This is the second part of a multi-part series looking at creation and re-creation through the lens of mountains in the Bible.
Last week, we thought briefly through the fact that the Bible was written in the midst of culture and history. We said that it should neither be surprising nor alarming that the Ancient Near East would have parallel stories. Instead, we can often learn valuable things from these parallels. As we turn to consider the Biblical account of creation, we immediately encounter some of those parallels. Both this and the several reflections that follow are inspired by and heavily dependent upon two works by Dr. Michael Morales, The Tabernacle Pre-Figured: Cosmic Mountain Ideology in Genesis and Exodus and Who Shall Ascend the Mountain of the Lord? A Biblical Theology of the Book of Leviticus.
The obvious place to start when thinking through the thread of creation/re-creation in the Bible is Genesis 1-2. In these opening chapters of the Bible, Moses lays out God’s creation of the heavens and the earth out of nothing, the ordering of that creation, and its population. What starts as “formless and void” in Gen 1:2 ends with an orderly form that is teeming with life. The most important part of these chapters is the creation of man and God’s placement of Adam and Eve in the Garden of Eden. In the garden, God meets with Adam and Eve. So, the garden is important as the place of God’s special presence with his treasured possession. And that point itself is important because it is a polemic against the creation accounts of Israel’s neighbors.
So, what were the basics of those competing creation accounts? At a high level, these accounts detail a cosmic war between the gods that ultimately brings order out of chaos. In many of these accounts, the waters represent chaos itself because water is unstable and the sea is threatening to humanity. On the other hand, land is more orderly. So, one way to describe how order came from chaos is to tell of land emerging from the waters. Thus, some creation accounts speak of the creation of the world as one huge mountain emerging from the chaotic waters. And since the top of mountains are where the earth meets the heavens, this is where humanity meets its maker(s).
Returning to the opening chapters of Genesis, the outlines of pagan creation accounts seem to be on Moses’ mind as he describes the work of God. In the beginning, there is darkness “over the face of the deep” (Gen 1:2). The “deep” is the word that is used in Scripture to describe chaos. On the third day of creation, the waters were gathered up, and dry land appeared (Gen 1:9), i.e. the earth rose out of the waters. Finally, God planted a garden in Eden and placed Adam there (Gen 2:8). In this garden, God spoke to Adam and met with him. So, Eden is described as a mountain and the Garden of Eden as the pinnacle of that mountain. These descriptions point to common themes of creation.
But there are important differences. In the first place, though chaos is the beginning state of creation, it is a chaos under the control of God. Though there is “darkness…over the face of the deep,” the Spirit of God is there, too, suggesting that the chaos was always under the control of God. Thus, creation was no accident, or the result of some divine conflict. It was the purposeful action of God.
Speaking of divine conflict, its absence is conspicuous. There was no struggle that resulted in creation. Instead, God spoke, and it was so. In fact, the idols of Israel’s neighbors are objects created by God, and they aren’t even named in the way we would expect. Rather than saying that God created the sun and the moon, Moses writes that “God made the two great lights—the greater light to rule the day and the lesser light to rule the night—and the stars” (Gen 1:16). This round-about way of naming keeps the focus on YHWH rather than on the names of the idols of Israel’s neighbors.
All of this is to say that Genesis 1-2 portray creation as a mountain surrounded by chaotic waters.
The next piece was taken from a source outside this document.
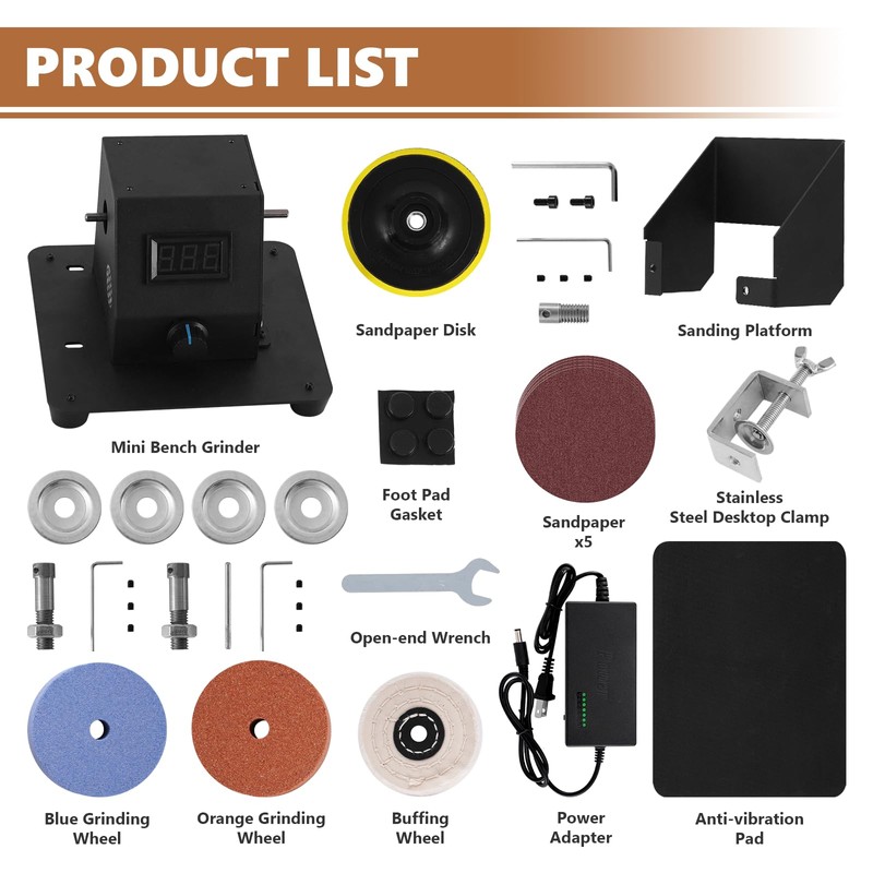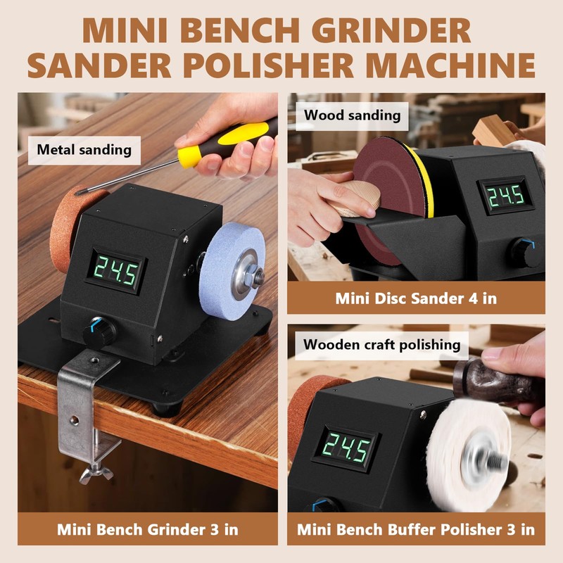 • 【Applications】: This multifunctional bench grinder is ideal for hobbyists and beginners, suitable for tasks such as DIY crafts, sharpening kitchen knives, small woodworking projects, model making, jewelry crafting, small repairs, and metalworking.

At the top of that mountain, God planted a garden. In that garden, God met with man. This is the thread that is woven throughout Scripture to testify to all people that YHWH, the God of Israel, is the only creator and God and that he has made a place for the high point of his creation, his treasured possession, to dwell with him.
Of course, we know that things don’t stay this way for long. Adam will lose the privilege of meeting with God in his sanctuary. Thus, the rest of Scripture will point to the return of man’s communion with God atop a mountain. And so, mountains are an important thread of Scripture that link creation and re-creation.